_WORK TO BE COMPLETED_
Nothing may be left out, so copy every entry exactly.

[[ RECORDS TO PROCESS open ]]

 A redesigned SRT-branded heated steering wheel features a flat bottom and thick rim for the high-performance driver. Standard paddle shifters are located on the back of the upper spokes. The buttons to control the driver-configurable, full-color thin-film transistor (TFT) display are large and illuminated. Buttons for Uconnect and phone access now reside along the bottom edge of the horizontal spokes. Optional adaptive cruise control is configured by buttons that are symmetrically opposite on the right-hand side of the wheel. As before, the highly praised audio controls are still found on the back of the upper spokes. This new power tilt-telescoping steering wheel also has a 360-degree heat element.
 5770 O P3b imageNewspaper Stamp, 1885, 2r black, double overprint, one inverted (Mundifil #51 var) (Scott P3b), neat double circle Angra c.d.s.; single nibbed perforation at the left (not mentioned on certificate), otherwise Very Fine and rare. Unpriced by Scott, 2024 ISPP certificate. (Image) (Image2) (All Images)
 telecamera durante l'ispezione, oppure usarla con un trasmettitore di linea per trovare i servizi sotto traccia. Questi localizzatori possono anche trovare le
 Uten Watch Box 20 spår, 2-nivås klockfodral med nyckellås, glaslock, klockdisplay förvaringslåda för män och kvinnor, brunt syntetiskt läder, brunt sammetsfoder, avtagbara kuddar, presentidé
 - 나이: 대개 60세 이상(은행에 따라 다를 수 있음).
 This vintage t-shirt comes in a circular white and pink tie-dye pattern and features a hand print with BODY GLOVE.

[[ RECORDS TO PROCESS closed ]]

_TASK RESPONSE_
 A redesigned SRT-branded heated steering wheel features a flat bottom and thick rim for the high-performance driver. Standard paddle shifters are located on the back of the upper spokes. The buttons to control the driver-configurable, full-color thin-film transistor (TFT) display are large and illuminated. Buttons for Uconnect and phone access now reside along the bottom edge of the horizontal spokes. Optional adaptive cruise control is configured by buttons that are symmetrically opposite on the right-hand side of the wheel. As before, the highly praised audio controls are still found on the back of the upper spokes. This new power tilt-telescoping steering wheel also has a 360-degree heat element.
 5770 O P3b imageNewspaper Stamp, 1885, 2r black, double overprint, one inverted (Mundifil #51 var) (Scott P3b), neat double circle Angra c.d.s.; single nibbed perforation at the left (not mentioned on certificate), otherwise Very Fine and rare. Unpriced by Scott, 2024 ISPP certificate. (Image) (Image2) (All Images)
 telecamera durante l'ispezione, oppure usarla con un trasmettitore di linea per trovare i servizi sotto traccia. Questi localizzatori possono anche trovare le
 Uten Watch Box 20 spår, 2-nivås klockfodral med nyckellås, glaslock, klockdisplay förvaringslåda för män och kvinnor, brunt syntetiskt läder, brunt sammetsfoder, avtagbara kuddar, presentidé
 - 나이: 대개 60세 이상(은행에 따라 다를 수 있음).
 This vintage t-shirt comes in a circular white and pink tie-dye pattern and features a hand print with BODY GLOVE.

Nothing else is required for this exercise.